Most your major brands have already been covered just to add some more.
Norinco has some Chinese models out there. My friend has a post ban w/ thumb hole stock and cut bayonet lug. Its a decent shooter, I think he picked it up a few years ago for about $400. Ohio Rapid fire had some decently priced AK's that they built up on their own receivers. Their web site is a bit out of date, but the price on there starts at $400 and up. http://www.ohiorapidfire.com/ 

You could also do a build on a parts kit. The kits seem to range $250 and up. Receivers are all over the place depending on quality $100 + and 922 parts are probably going to be $75+. Most gun smiths do builds (barrel timing and head space) for about $100. Good luck on your AK hunt, its a tough time to be in the gun market right now, but if you are persistent and explore all options you don't have to pay out the rear like some suckers.


----------



## ezbite (May 25, 2006)

ive got a romanian stamped receiver and its got several, several thousands of rounds thru it. ive had zero problems with it. as a mater of fact i know and shoot with several gentlemen who own all makes of ak's and i dont ever remember any of us ever having any problems, chineese, russian, romanian. i like to keep it good and lubed with WD40 when at the range shooting. dont be afraid to give it a good soaking even it its too hot to touch, she'll just smoke a bit.lol. get the mags with the steel followers, the military quality ones. you can tell a cheep mag when you pick one up. IMO, i honestly dont see the need to spend a 1000 dollars on one, they all shoot very good. theres a reason the AK-47 is called the greatest assault rifle ever. those babys keep on going and going and going...mikhail kalashnikov got it right. IMO


----------



## olwhitee (Apr 10, 2004)

I own a Romy WASR and am glad I bought it. There were some that tried to tell me they were no good, but I love mine. These are the lowest priced, be prepared to spend at least 500. This will buy you the rifle, a 30 round mag, an oiler, cleaning kit, and a sling.

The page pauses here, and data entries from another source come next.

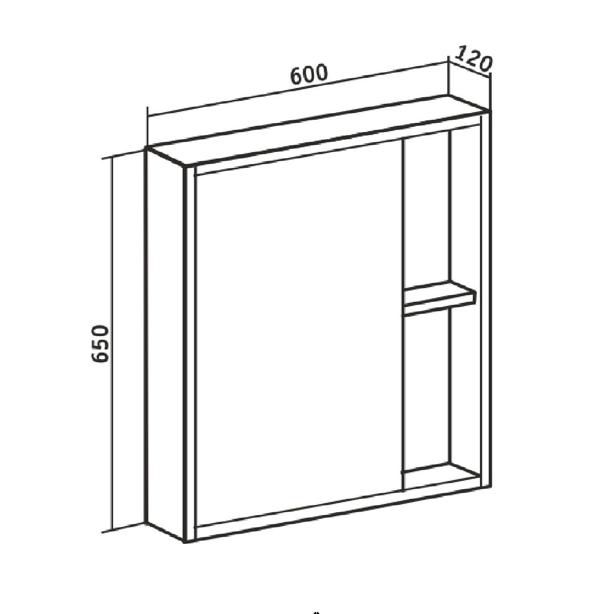 Зеркальный шкаф без подсветки с одной распашной дверкой и открытыми полками (слева или справа, зависит от установки). Внутри шкафа -одна внутрення полка. Универсальный.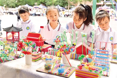 5月23日,安徽省合肥市金湖小学的学生在展示自己用废弃物品创作的百变吸管作品。 |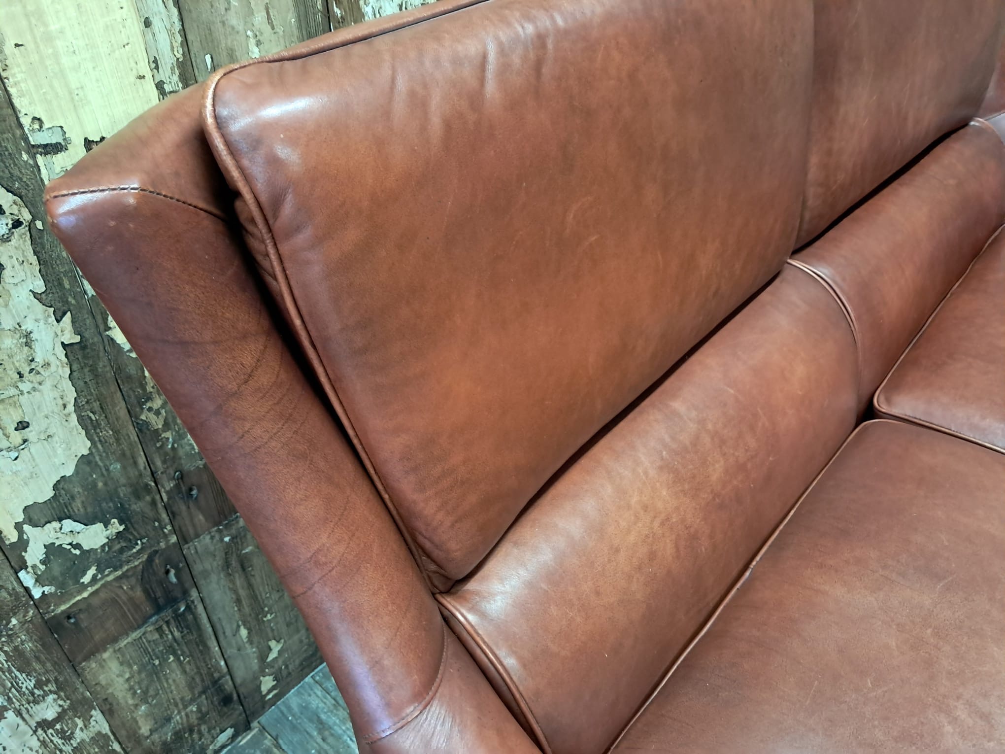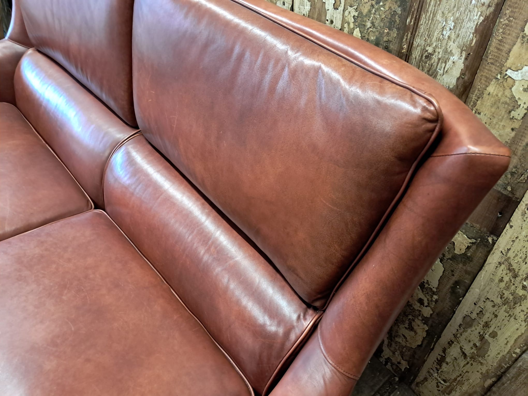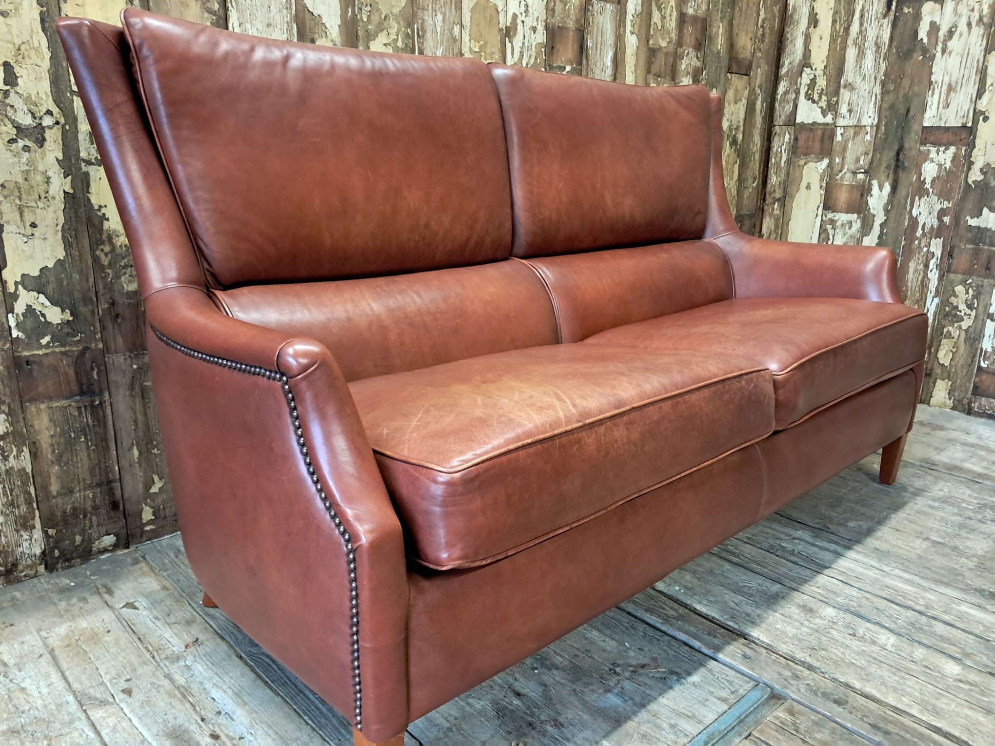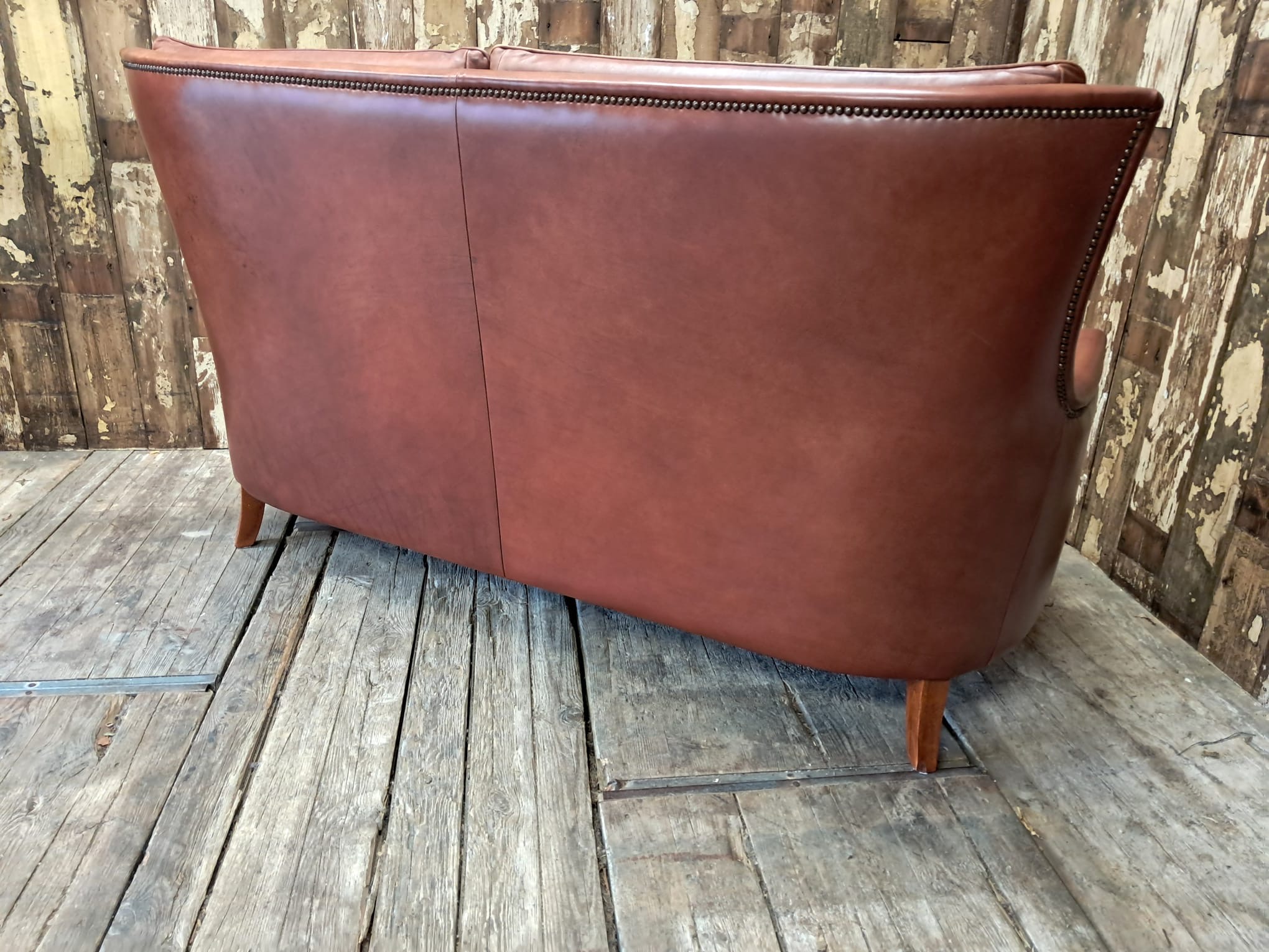 Rich tobacco brown leather with immaculate studwork to the edges and sweeping arms.
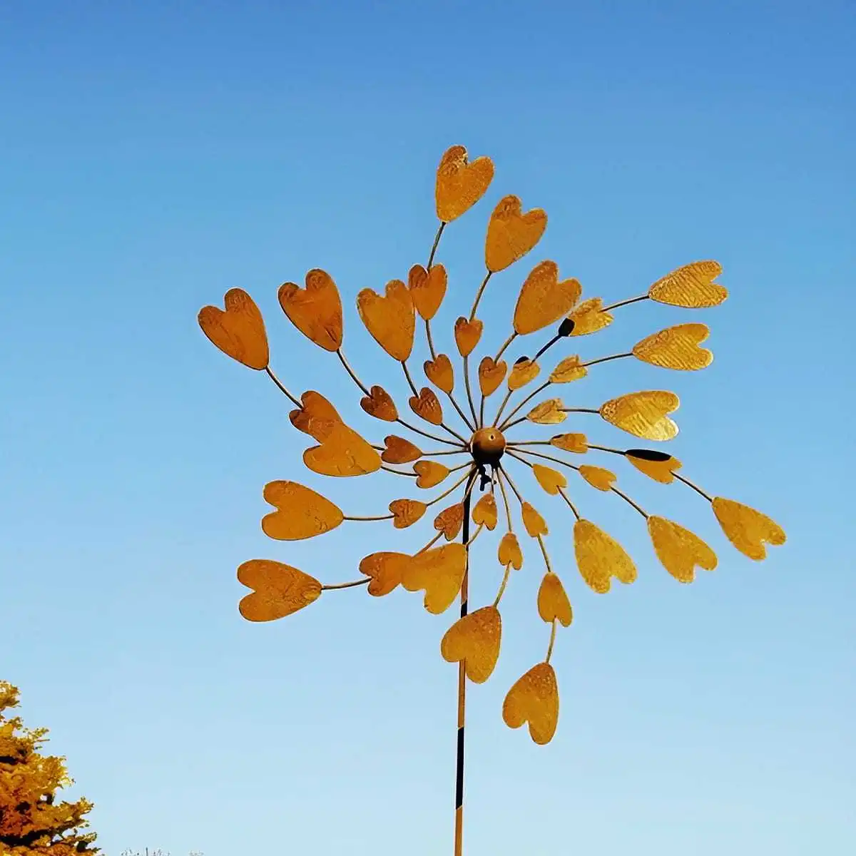 Éolienne de jardin en fer rouillé D.74 x H.140 cm - Coeurs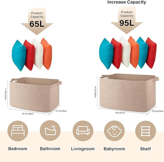 95L Large Storage Basket, Cotton Rope Woven Blanket Basket, Toy Storage for Baby Room, Living Room, 24" x 16.9" x 14.2", White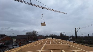 - Mit der Montage der Dachplatten, sowie der Unterkonstruktion für die Dachlichter wurde begonnen.

The problems you will find with the WASR are mag wobble, these rifles do not have the dimples on the side to hold the mag tight. There are ways to fix it if you look around the web. You can also find mags that will fit tighter and eliminate the wobble, you just have to look around and see what fits good. I have many Eastern Bloc steel mags and some fit tight yet some wobble. 

Make sure the front sight is not canted. Many of these WASR were made with canted front sights. If you don't know what cant is, look it up before buying.

Buy lots of mags with it as they will probably not be availible in the future. Stay away from Tapco synthetic mags, stay with steel military varieties.

Heres is one of my favorite places to buy ak stuff from. www.classicarms.us

Good luck, you sure picked a bad time to get into the ak game but I guess later is better then never.


----------



## supercanoe (Jun 12, 2006)

I'm going to buy a chinese norinco for $600. I've look edat quite a few lately, and it sounds like norincos are decent for the money. I should have bought one last year, but at that point I wasn't worried about my personal security in the future.


----------



## Tuckerp229 (Feb 27, 2009)

I know of one to stay away from , that is if you wish to have the traditional pistol grip style. Those that are the result of the AWB from the Clinton era with the thumb hole stock, I think they are called the MAK 90. These require very strict conversion to make them legal with the pistol grip style stock. The parts involved and the general cost of this AK usually add up to more than buying a pre or post ban AK. I nearly suckered for one because it seemed to be priced so reasonably compared to the other AK's.


----------